- Data section -
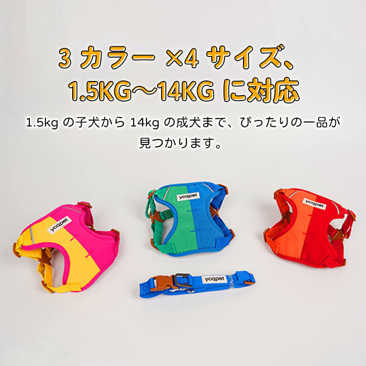 犬 ハーネス 胴輪 ペット用 反射材付き 夜道も安心 通气性 クッション性 負担軽減 引っ張り防止 4つの調整バックル 衝撃吸収 丈夫 ナイロン素材 小型犬 中型犬 大型犬 アウトドア 四季適用
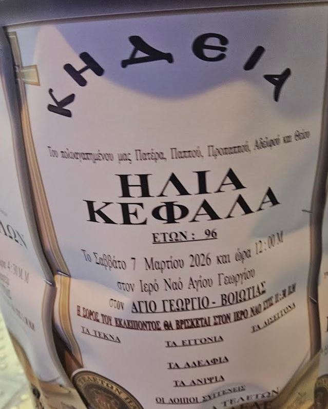 Ο Ηλίας Κεφαλάς, πλήρης ημερών και σε ηλικία 96 ετών, έφυγε από τη ζωή, αφήνοντας πίσω του οικογένεια, φίλους και όσους τον γνώρισαν. Η εξόδιος ακολουθία τελέστηκε το Σάββατο 7 Μαρτίου 2026 στον Ιερό Ναό Αγίου Γεωργίου στον Αγιο Γε’ωργιο Βοιωτίας.
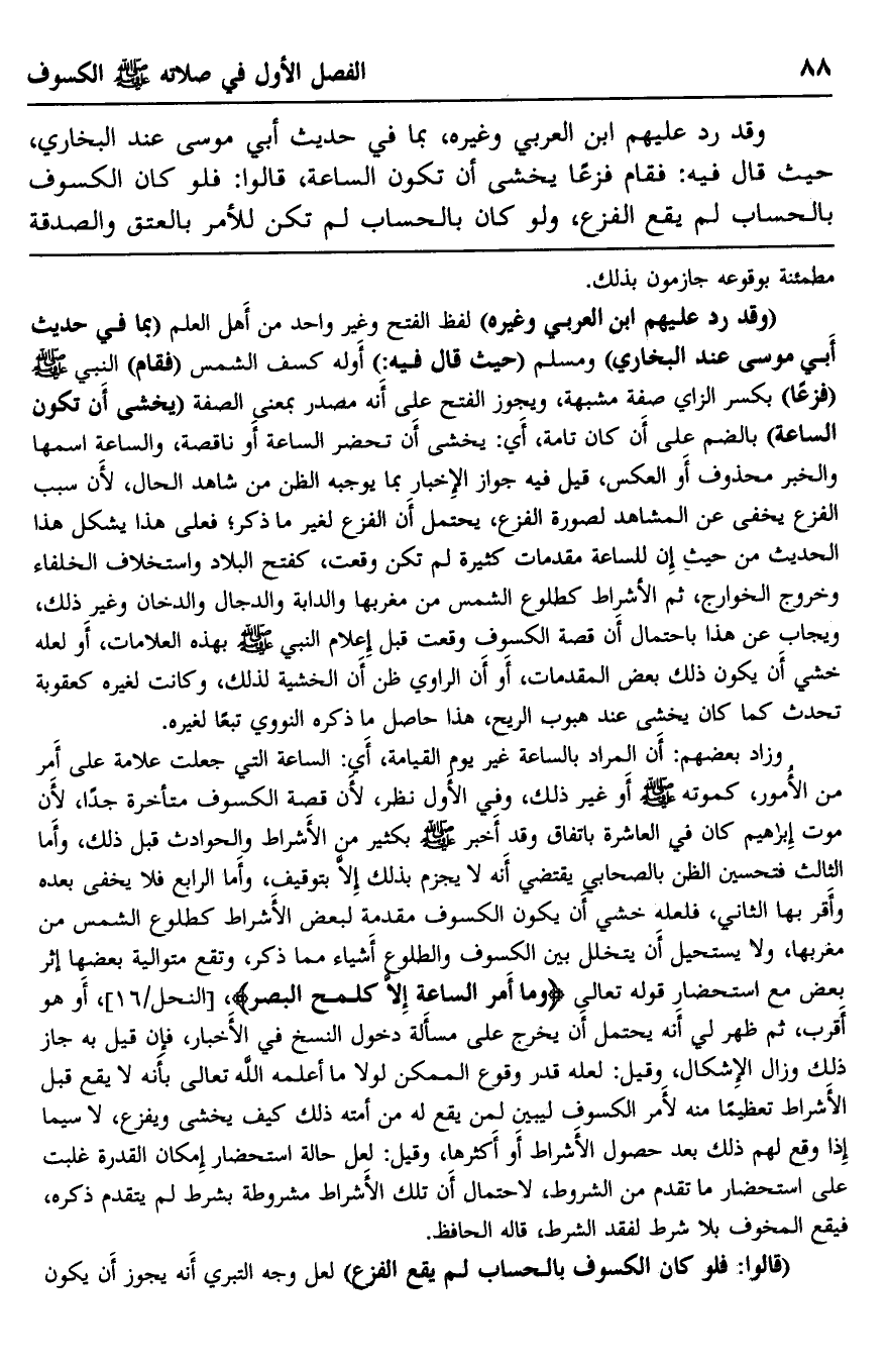 وزاد بعضهم: أن المراد بالساعة غير يوم القيامة، أي: الساعة التي جعلت علامة على أمر من الأمور، كموته -صلى الله عليه وسلم- أو غير ذلك، وفي الأول نظر؛ لأن قصة الكسوف متأخرة جدا؛ لأن موت إبراهيم كان في العاشرة باتفاق وقد أخبر -صلى الله عليه وسلم- بكثير من الأشراط والحوادث قبل ذلك، وأما الثالث فتحسين الظن بالصحابي يقتضي أنه لا يجزم بذلك إلا بتوقيف، وأما الرابع فلا يخفى بعده وأقر بها الثاني، فلعله خشي أن يكون الكسوف مقدمة لبعض الأشراط كطلوع الشمس من مغربها، ولا يستحيل أن يتخلل بين الكسوف مقدمة لبعض الأشراط كطلوع الشمس من مغربها، ولا يستحيل أن يتخلل بين الكسوف والطلوع أشياء مما ذكر، وتقع متوالية بعضها إثر بعض مع استحضار قوله تعالى: {وَمَا أَمْرُ السَّاعَةِ إِلَّا كَلَمْحِ الْبَصَرِ} [النحل: 16] ، أو هو أقرب، ثم ظهر لي أنه يحتمل أن يخرج على مسألة دخول النسخ في الأخبار، فإن قيل به جاز ذلك وزال الإشكال، وقيل: لعله قدر وقوع الممكن لولا ما أعلمه الله تعالى بأنه لا يقع قبل الأشراط تعظيما منه لأمر الكسوف ليبين لمن يقع له من أمته ذلك كيف يخشى ويفزع، لا سيما إذا وقع لهم ذلك بعد حصول الأشراط أو أكثرها، وقيل: لعل حالة استحضار إمكان القدرة غلبت على استحضار ما تقدم من الشروط، لاحتمال أن تلك الأشراط مشروطة بشرط لم يتقدم ذكره، فيقع المخوف بلا شرط لفقد الشرط، قاله الحافظ.

- The task -
Each line of the data above should be reproduced without alteration, and no picture should appear in the copy.

- Written answer -
 犬 ハーネス 胴輪 ペット用 反射材付き 夜道も安心 通气性 クッション性 負担軽減 引っ張り防止 4つの調整バックル 衝撃吸収 丈夫 ナイロン素材 小型犬 中型犬 大型犬 アウトドア 四季適用
 Ο Ηλίας Κεφαλάς, πλήρης ημερών και σε ηλικία 96 ετών, έφυγε από τη ζωή, αφήνοντας πίσω του οικογένεια, φίλους και όσους τον γνώρισαν. Η εξόδιος ακολουθία τελέστηκε το Σάββατο 7 Μαρτίου 2026 στον Ιερό Ναό Αγίου Γεωργίου στον Αγιο Γε’ωργιο Βοιωτίας.
 وزاد بعضهم: أن المراد بالساعة غير يوم القيامة، أي: الساعة التي جعلت علامة على أمر من الأمور، كموته -صلى الله عليه وسلم- أو غير ذلك، وفي الأول نظر؛ لأن قصة الكسوف متأخرة جدا؛ لأن موت إبراهيم كان في العاشرة باتفاق وقد أخبر -صلى الله عليه وسلم- بكثير من الأشراط والحوادث قبل ذلك، وأما الثالث فتحسين الظن بالصحابي يقتضي أنه لا يجزم بذلك إلا بتوقيف، وأما الرابع فلا يخفى بعده وأقر بها الثاني، فلعله خشي أن يكون الكسوف مقدمة لبعض الأشراط كطلوع الشمس من مغربها، ولا يستحيل أن يتخلل بين الكسوف مقدمة لبعض الأشراط كطلوع الشمس من مغربها، ولا يستحيل أن يتخلل بين الكسوف والطلوع أشياء مما ذكر، وتقع متوالية بعضها إثر بعض مع استحضار قوله تعالى: {وَمَا أَمْرُ السَّاعَةِ إِلَّا كَلَمْحِ الْبَصَرِ} [النحل: 16] ، أو هو أقرب، ثم ظهر لي أنه يحتمل أن يخرج على مسألة دخول النسخ في الأخبار، فإن قيل به جاز ذلك وزال الإشكال، وقيل: لعله قدر وقوع الممكن لولا ما أعلمه الله تعالى بأنه لا يقع قبل الأشراط تعظيما منه لأمر الكسوف ليبين لمن يقع له من أمته ذلك كيف يخشى ويفزع، لا سيما إذا وقع لهم ذلك بعد حصول الأشراط أو أكثرها، وقيل: لعل حالة استحضار إمكان القدرة غلبت على استحضار ما تقدم من الشروط، لاحتمال أن تلك الأشراط مشروطة بشرط لم يتقدم ذكره، فيقع المخوف بلا شرط لفقد الشرط، قاله الحافظ.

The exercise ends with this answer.